| Exercise directions |
The required answer is the run of lines from the one holding "NHKのテヘラン支局長、イラ" to the end of the data below, copied exactly and free of pictures.

| Data below |
···

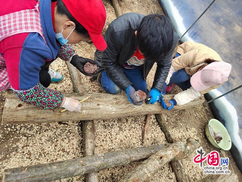 3月12日,在广元市朝天区两河口镇两河村侯家坝,只见一排排农膜覆盖的现代化食用菌种植大棚整齐排列,棚内一根根椴木摆放整齐,村民们正忙着切割、打孔、搬菌种……现场一派繁忙景象。
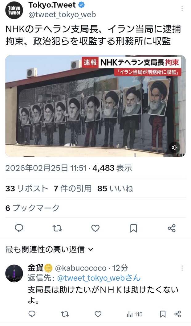 NHKのテヘラン支局長、イラン当局に逮捕拘束、政治犯らを収監する刑務所に収監 pic.twitter.com/ruqxnOQHOe
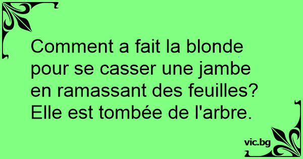 Comment a fait la blonde pour se casser une jambe en ramassant des feuilles? Elle est tombée de l'arbre.

···

| Final answer |
 NHKのテヘラン支局長、イラン当局に逮捕拘束、政治犯らを収監する刑務所に収監 pic.twitter.com/ruqxnOQHOe
 Comment a fait la blonde pour se casser une jambe en ramassant des feuilles? Elle est tombée de l'arbre.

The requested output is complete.